The foreground is actually another frame taken earlier in the evening. The whole thing is still an experiment: I'm toying with different white balances on the underlying shots, and using a different stacking
mode for the foreground so I can use the actual night-time image there. Unfortunately it was a new moon so there was only starlight to work with.
darb wrote:out of curiousity, how did you know where to shoot in order to get a perfect axis of the stars. Just facing north?
North? South. It's easy to work out where due South is, and if you have a map or a GPS you'll know your latitude in degrees. That many degrees above the horizon is where the pole will be.
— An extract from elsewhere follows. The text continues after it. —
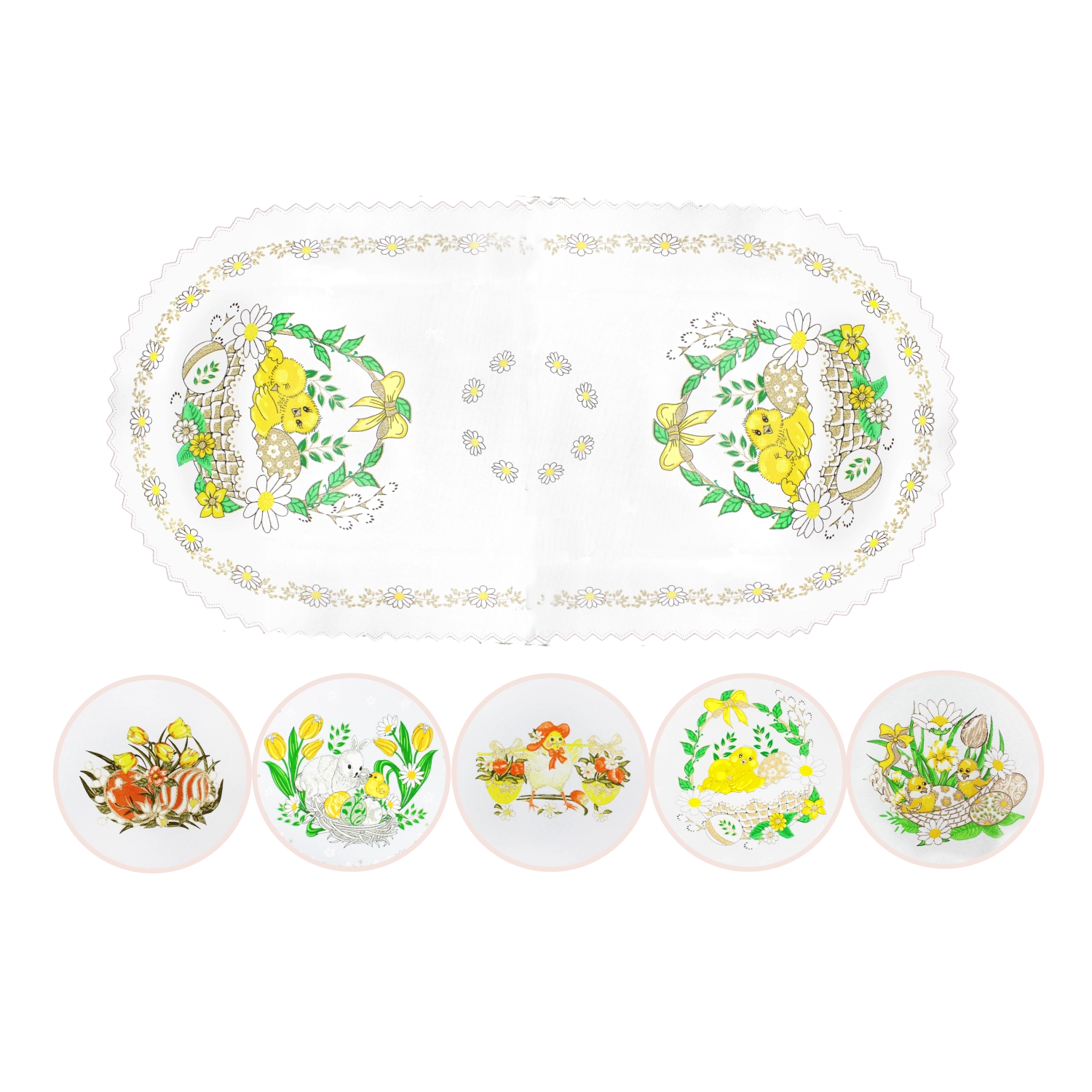 Elegáns szervéta húsvét utáni időszakra, 40 × 80 cm méretben, amely frissességet és tavaszi hangulatot kölcsönöz az asztalnak. Prémium minőségű, 100% poliészterből készült, amely hosszú élettartamot és könnyű karbantartást biztosít, valamint remekül kombinálható más dekorációkkal a semleges krémszínnek köszönhetően.

Work out while it's still light where the camera needs to be, and set up the tripod/etc. Then go back to camp (your cameras need to be far enough away so your camp lights, campfire smoke, etc don't cause problems). A couple of hours after sunset come out and start the cameras going (and find your way back to camp in the dark without getting lights in your shot). Then get up several hours before dawn and go out to turn the cameras off (unless the battery's run out in the night like it did with this image). I was doing this with several other people, and everyone else was using film. Funnily enough they were a bit more careful than I needed to be with not getting torchlight in their shots at the start/end of their single exposure...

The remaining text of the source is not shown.